In spec suites, the generic fit-out becomes a form of incentive (instead of rent-free, rent-abatement, or contribution to a bespoke fit-out), and since the landlord can retain ownership of the fit-out, they also have the opportunity to depreciate it as an asset. A space that has been speculatively fitted out by the landlord is virtually never offered in Korea in a direct-lease scenario (I can think of only one example from my 11 years of living and working in Seoul). I think this may change as landlords there seek to compete with the increasing presence of flexible space providers – and as new construction continues to keep vacancy at relatively high levels. Co-working and serviced offices have the advantage of offering tenants ready-to-go solutions, and since requirements for space in Korea can be developed quickly (especially for enterprise Task Force Team requirements which seemingly need space overnight) this would allow landlords to satisfy demand in a timely fashion. Given the demand profile of tenants needing speed-to-market in Seoul being larger than in Melbourne, one could expect aggressive landlords there to provide these generic solutions on a larger scale than has been seen here in Melbourne.

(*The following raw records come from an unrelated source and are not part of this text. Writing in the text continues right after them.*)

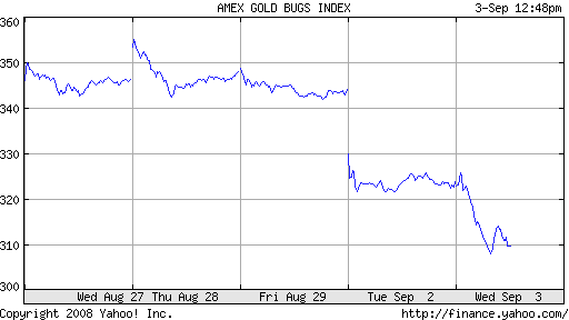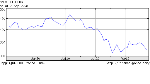 Der Phsycho Krieg geht schon seit mitte Juli von HUI 460 runter , 33 % bestimmt, die Volumen werden schon kleiner, aber mit ein paar Dollar und wenig Aktien shorten die heute eine Anaconda ANX.TO z.B. um 17%.
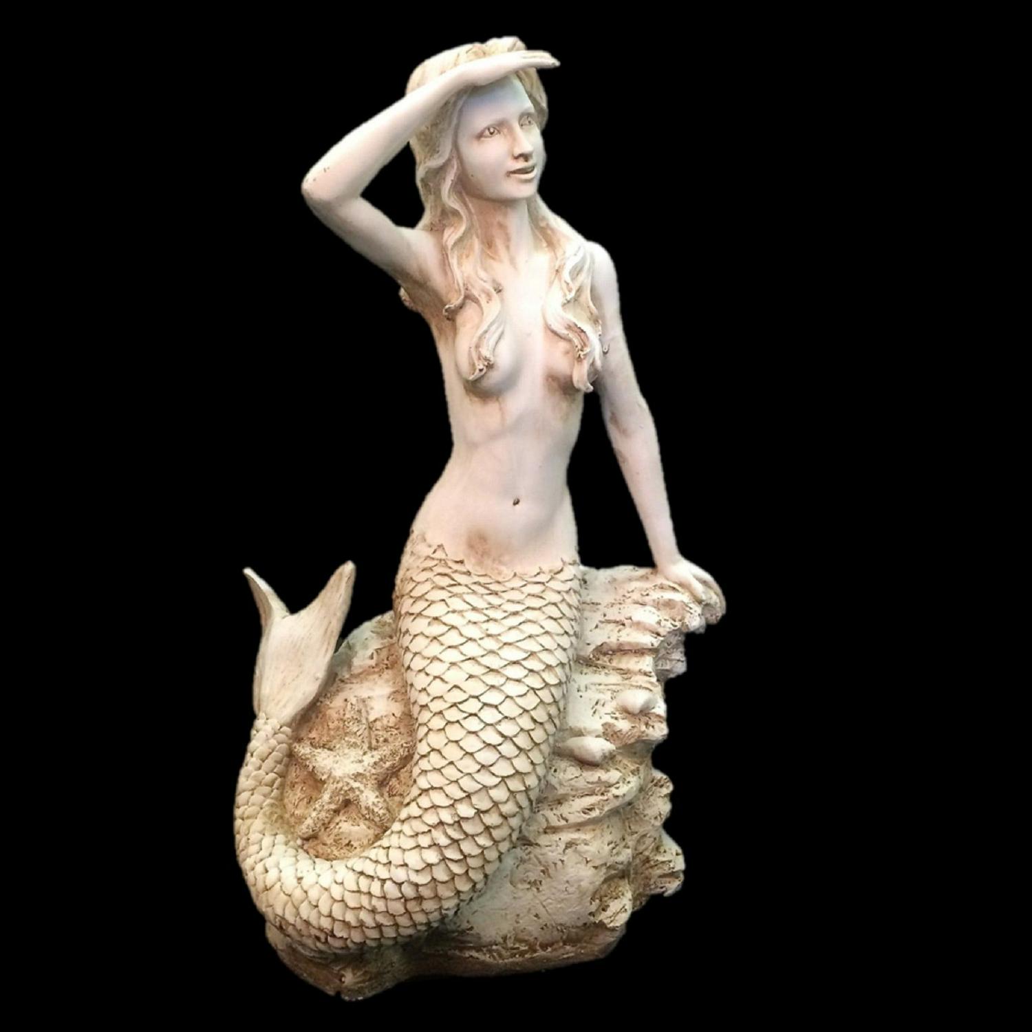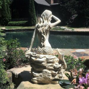 – 22″H x 13.75″W x 10″L- Beautiful details in the sculpting of her face, hand, scales, shells in rock, and hair
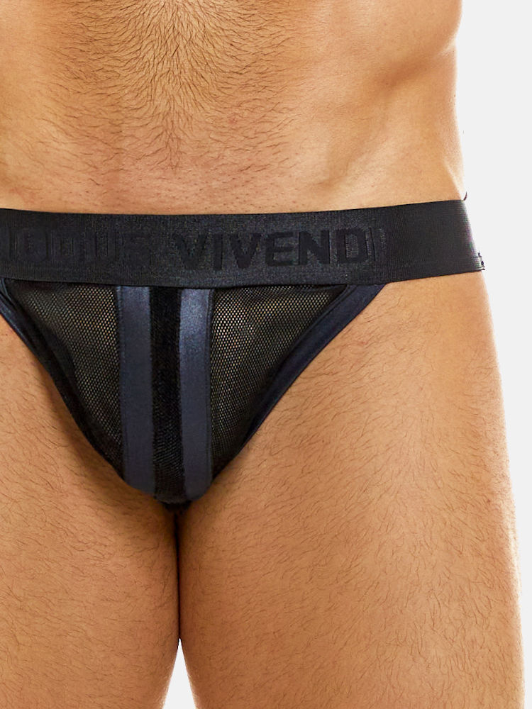 Modus Vivendi V.Fluid Jockstrap 10111 gemaakt van mesh en velours in zwart.

This brings me to another market practice – reinstatement or make-good. The market in Seoul is quite rigid in that it has always been a requirement for tenants to physically make-good the space and restore it to handover (i.e. warm shell) condition. In the past couple of years, some landlords in Seoul waived reinstatement obligations in exceptional cases, however reinstatement is generally required and landlords typically do not want to enter negotiations for a financial settlement in lieu of physical reinstatement – they almost always want the reinstatement physically completed by the departing tenant. Melbourne is quite different. There are cases where reinstatement is not required, perhaps because it is more common for tenants to take over a previous tenant’s existing fit-out (hence, there may be no disadvantage for a landlord to waive this obligation during a negotiation). In addition, landlords in Melbourne are generally more open to discussing a financial settlement in lieu of the tenant completing the reinstatement – this can be win-win result by saving the tenant time and also providing the landlord with funds to refurbish the existing fit-out and present it as a fitted out solution (i.e. a spec suite) to the market. Alternatively, the landlord can use the funds to reinstate the premises if market conditions favour that approach (perhaps with some profit on the actual cost given the benefit the tenant has received by not having to manage the process themselves).


Market practices are sometimes explained as “it is what it is”; I have been guilty of providing this basic explanation in Seoul when seeking to explain local market standards to foreign visitors. This is not very helpful, and is often not a matter of fact. I can now see how it is useful to observe differences and to seek to understand why certain processes exist, and I believe this understanding will be helpful in future negotiation. I hope that this is also of interest to those who have lived and/or had work dealings in Melbourne or Seoul, or work in the commercial real estate sector.